12Au terme de ces discours et d’autres encore, les délégués réunis prêtent un serment solennel dont la liturgie emprunte à la fête de la Fédération de 1790 et jurent de « donner du pain aux travailleurs, du travail à la jeunesse et au Monde la grande paix humaine », une démarche réitérée dans un grand nombre de rassemblements de province.
13Durant l’après-midi, la dramaturgie des cortèges déployés tant à Paris qu’en province donne à voir et à entendre ce rapport revendiqué à la Révolution, en s’appuyant à Paris du moins, sur ces acteurs relais que sont l’Association des artistes et écrivains révolutionnaires (AEAR) et la Fédération des théâtres ouvriers de France (FTOF). L’insigne unique, par là même unificateur, de la manifestation représente un bonnet phrygien à la cocarde tricolore. Les nombreuses fanfares et harmonies ont reçu pour consigne d’alterner les deux hymnes et des manifestants portent une tenue de sans-culottes et le bonnet phrygien en (re)donnant vie aux gravures d’hier. À Reims, un char représente une Bastille, avec sur un panneau : « démolissons les Bastilles modernes : banques, grande presse, congrégations économiques ».
14Un grand nombre de ces manifestations empruntent des itinéraires dont elles ressuscitent l’histoire enfouie en les constituant en espaces-récits ou marquent le pas devant des monuments dont elles restaurent la force symbolique que les organisations ouvrières ne s’appropriaient pas jusqu’alors12. À Carcassonne, on se réunit au rond-point des jacobins. À Crépy-en-Valois, place du Jeu de paume, à Maubeuge, place des révolutionnaires de 1789. « Je pense aux gardes françaises qui se joignirent au peuple pour faire l’assaut de la Bastille, aux lignards du 88e, écrit Amédée Dunois à propos de manifestation parisienne, déployée de la Bastille aux colonnes du trône, place de la Nation. Toutes les révolutions ont commencé ainsi […]. On s’engage dans le vieux faubourg jacobin. Combien de ces maisons étroites et lézardées étaient là quand fut prise la Bastille », et d’évoquer à son tour, 1830, 1848, 187113. Place de la Bastille, la colonne de Juillet est surlignée par l’apposition d’un écusson qui affiche : « 1789-1935 », en infléchissant singulièrement le sens de ce monument à la mémoire des Trois Glorieuses qui doit à son appropriation renouvelée et plus encore à l’usage qu’en fait alors la photographie de se muer en « monument non intentionnel du Front populaire14 ».
15« Fameuse idée de s’annexer La Marseillaise » fait dire à un manifestant Amédée Dunois dans le texte déjà cité. Et un autre de lui répondre : « Pardon, La Marseillaise était à nous. On nous l’avait volée, nous la désannexons, voilà tout15. » Dans la pratique, les réappropriations d’une symbolique républicaine ainsi lestée de son origine révolutionnaire sont cependant moins évidentes que les directives ou ce récit ne le donnent à penser. En province, La Marseillaise n’est entonnée que dans 23 des 176 manifestations recensées, avec de vives résistances attestées, dans le Nord en premier lieu, de la part de militants socialistes. À Paris, la préfecture de police comptabilise 200 drapeaux tricolores contre 610 drapeaux rouges.
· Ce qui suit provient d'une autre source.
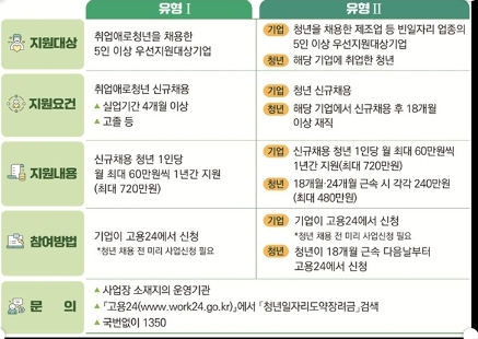 그리고 기업이 6개월 이상 고용을 유지하면 신규채용 청년 1인당 월 최대 60만 원씩, 1년간 최대 720만 원을 지원한다.

Un nouveau cadre interprétatif
16Mais ces résistances ne sont pas de nature à faire obstacle à ce qui constitue une véritable transfiguration de cette commémoration quand elle « incarne l’éternelle lutte de la liberté et de la tyrannie », écrit alors Léon Blum16. Cette transfiguration contribue à l’affirmation de nouveaux cadres interprétatifs de la crise que traverse alors la France.
17Le programme du Rassemblement populaire, ratifié en janvier 1936, s’assigne pour objectif d’« arracher définitivement l’État aux féodalités industrielles et financières », et compare, à son tour, les fascistes aux « coblençards de 92 ». La Vie est à nous que Jean Renoir réalise alors pour la campagne électorale du PCF représente un métayer menacé de saisie par « la comtesse » en mobilisant des clichés hérités d’un imaginaire de l’ancien régime.
18S’agit-il de mémoire historique, et la SFIO et le PCF ont jusqu’alors privilégié jusqu’à l’exclusive l’histoire du mouvement ouvrier, de sa geste et de ses temps forts, depuis les Canuts jusqu’au temps présent. Ils participent toutefois d’autant plus aisément à ce processus de réappropriation/retranscription mémoriel qu’ils ont contribué à initier politiquement que l’histoire et l’analyse de la Révolution française sont partie intégrante d’un patrimoine théorique qui leur est partiellement commun. L’un et l’autre sont pareillement susceptibles de s’appuyer sur Marx et Jaurès pour étayer leur nouvel argumentaire. La revendication de l’héritage est toutefois beaucoup plus appuyée au PCF. Celui-ci mobilise à l’appui Lénine qui tenait « les bolchevicks pour les jacobins de la révolution prolétarienne » et opère une manière de préemption sur la Révolution française. En novembre 1935, Maurice Thorez s’emploie à lui donner corps en rendant public sa décision de fêter le centenaire de la mort de Rouget de Lisle « fils de notre peuple17 » à Choisy-le-Roi où l’auteur de La Marseillaise est décédé18, en prenant de court la municipalité concernée.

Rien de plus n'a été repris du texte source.